Retour sur les commémorations du 11 novembre 2016
Discours de M. le Maire, Yves d'Amécourt
Mesdames, Messieurs, Chers amis,
Nous voici réunis une fois de plus, comme chaque 11 novembre pour honorer la mémoire de ceux qui sont morts pour la France, pendant la première guerre mondiale.
Je remercie toutes celles et tous ceux qui ont participé à l’organisation de ces cérémonies.
- L’ESAT de PUCH qui a offert les chrysanthèmes qui fleurissent nos 4 monuments.
- Les collégiens et leur professeur d’histoire, Nathalie Raffin, qui ont fait des recherches dans les archives pour nous faire mieux connaître les enfants de Sauveterre morts pour la France en 1916. Ces recherches se poursuivront chaque année du centenaire jusqu’en 2018. Je salue Monsieur le Principal adjoint qui sont présents ce soir ;
- Les services de la ville et la commission « commémorations » qui ont pris soin de nos monuments et ont préparé cette journée.

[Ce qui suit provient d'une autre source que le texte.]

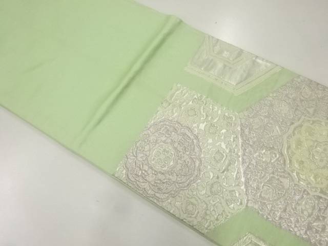 <帯サイズ>(単位:cm) 長さ 424 幅 30 状態 非常によい 素材 正絹 色目 薄緑・薄紫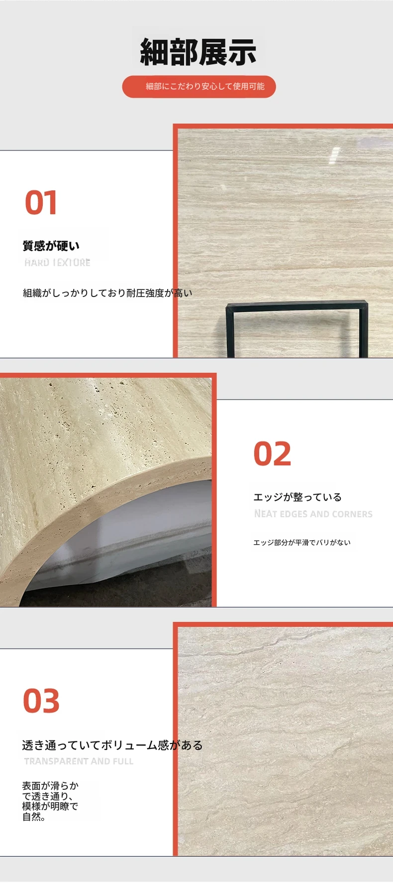 輸入天然の洞石を使用したイタリア産アイボリーホワイト洞石、超白色でローマ風の米白・米黄のマット仕上げ。侘び寂びを感じる北欧スタイルの背景に最適!おしゃれで洗練された空間を演出します。

Avec un remerciement particulier à Pierre Tomada.
- Les enfants des écoles, leurs professeurs, qui participent à ces commémorations. Merci à Madame Hatron la Directrice de l’Ecole maternelle d’être présente ce soir.

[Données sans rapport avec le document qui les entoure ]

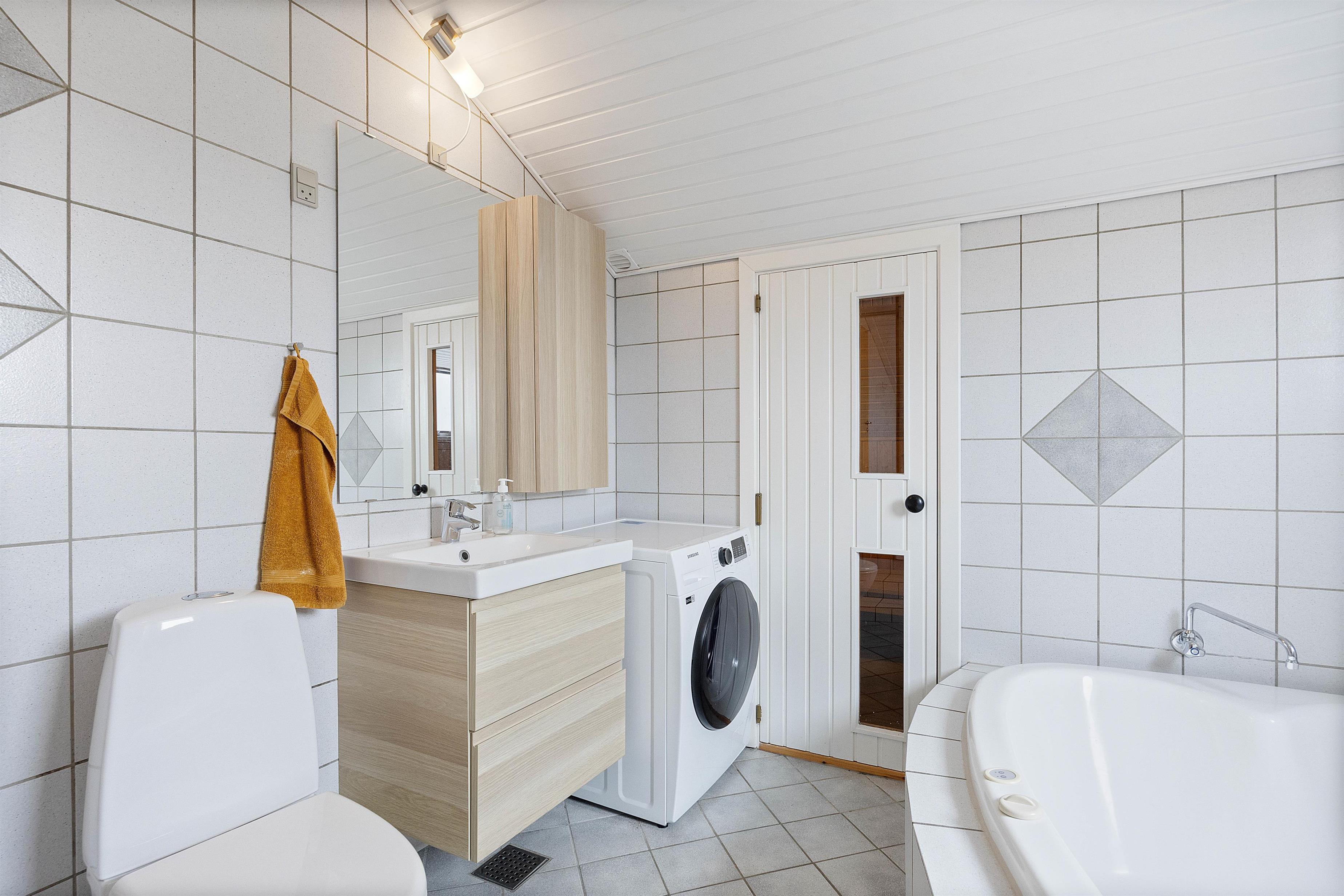 Der er 2 badeværelser med gulvvarme i feriehuset – i forbindelse med det store badeværelse er også spabad og sauna, så her kan I arrangere jeres egen lille wellnessaften. I finder også vaskemaskine og tørretumbler i feriehuset, så I kan opfriske garderoben eller håndklæderne i løbet af ferien. Der er 3 soveværelser med komfortable dobbeltsenge og 1 soveværelse med en enkeltseng, så I kan arrangere jer, som det passer jer bedst. Læg mærke til, at den friske vesterhavsluft gør noget godt for nattesøvnen. I feriehuset er en energibesparende varmepumpe, som hurtigt og effektivt sørger for et behageligt indeklima og en god temperatur.

- Vous tous qui êtes là ce soir, jeunes et moins jeunes, représentants des autorités civiles, Présidents d’Associations, habitants, pour signifier que le 11 novembre n’est pas un jour « férié » comme les autres…
- Merci aux pompiers et au capitaine Lassoureille, merci aux JSP,
- Merci aux gendarmes de leur présence, à l’adjudant Moysan ;
Le 11 novembre 1918 c’est la date de la signature à 6 heures du matin de l'armistice du 11 Novembre 1918, en forêt de Compiègne, qui marqua la fin de la 1ère Guerre Mondiale.

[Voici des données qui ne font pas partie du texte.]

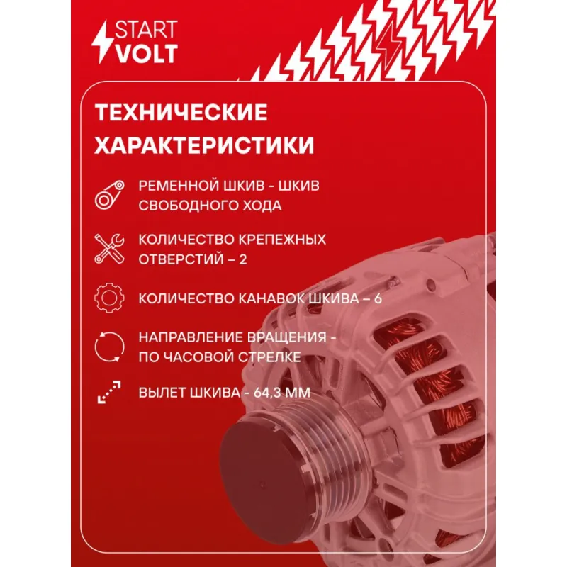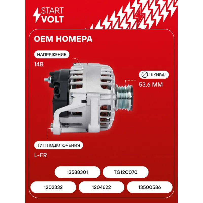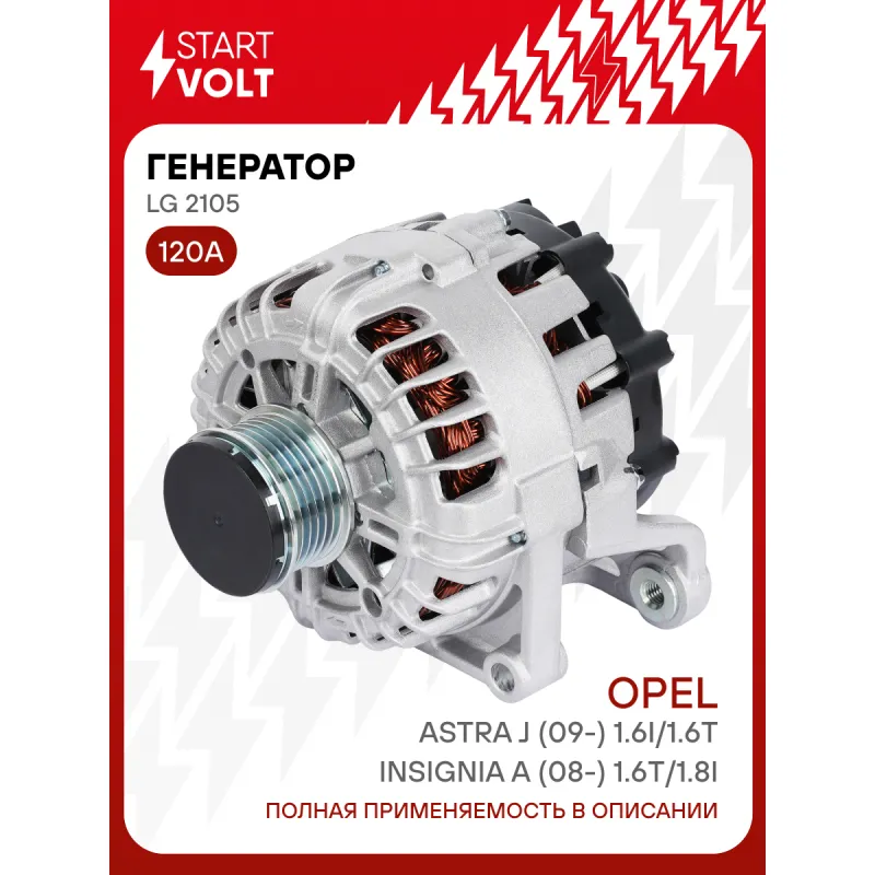 Генератор для автомобилей Opel Astra J (09-) 1.6i/1.6T/Insignia A (08-) 1.6T/1.8i 120A Описание: Оригинальный генератор STARTVOLT LG 2105 рассчитан на ток 120 А и напряжение 14 В. Изготовлен аналогично оригинальной конструкции. Шкив свободного хода (6PK, диаметр 53,6 мм) полностью совместим с оригинальными агрегатами. Подходит для автомобилей: OPEL ASTRA, INSIGNIA, ZAFIRA.. Если у вас есть вопросы по применяемости, мы всегда готовы помочь вам с подбором по VIN-НОМЕРУ ВАШЕГО АВТОМОБИЛЯ. Преимущества: - Полностью соответствует оригинальным узлам; - Высокоточная сборка с пооперационным контролем качества; - Каждый генератор проходит стендовое тестирование — протокол в комплекте; - Надёжность в любых условиях эксплуатации; - STARTVOLT 15 лет на рынке автоэлектрики — нам доверяют профессионалы; - Гарантия 2 года; - Сертифицирован по стандарту EAC (ЕАЭС) — соответствует требованиям безопасности и качества; Автомобильный генератор в сборе — готов к установке. Отличный выбор для надежной замены штатного генератора. Характеристики: Артикул: LG 2105 OEM номера: 1202332, 1204622, 13500586, 13588301, TG12C070 Направление вращения: По часовой стрелке Выходной ток, А: 120 Напряжение, В: 14 Вылет шкива, мм: 64,3 Тип подключения: L-FR Диаметр шкива, мм: 53,6 Ременной шкив: с ременным шкивом свободного хода Количество крепежных отверстий: 2 Количество канавок шкива: 6 Комплектация: Генератор - 1 шт Паспорт изделия/гарантийный талон - 1 шт Индивидуальный технический паспорт изделия (с фирменным ID) - 1 шт Гарантия: от 1 года.

Le cessez-le-feu prenait effet à 11 heures. Dans toute la France, les cloches des églises sonnaient à la volée : la guerre était finie. Tous les combattants voulaient croire que cette guerre était la "der des der".
Le 11 novembre, c’est aussi un hommage rendu au « Soldat inconnu ».
C’est le 11 novembre 1920 que la dépouille mortelle d’un combattant de Verdun a été inhumée sous l’Arc de Triomphe. De nombreuses familles endeuillées, mais n’ayant jamais pu procéder à la sépulture de leur défunt …purent alors imaginer que le soldat inconnu était leur frère, leur fils, leur père …
Trois ans plus tard, le 11 novembre 1923, la flamme, qui ne doit jamais s’éteindre, était allumée pour la première fois sur sa tombe. Le tombeau du Soldat inconnu est ainsi devenu le tombeau des familles sans tombeau.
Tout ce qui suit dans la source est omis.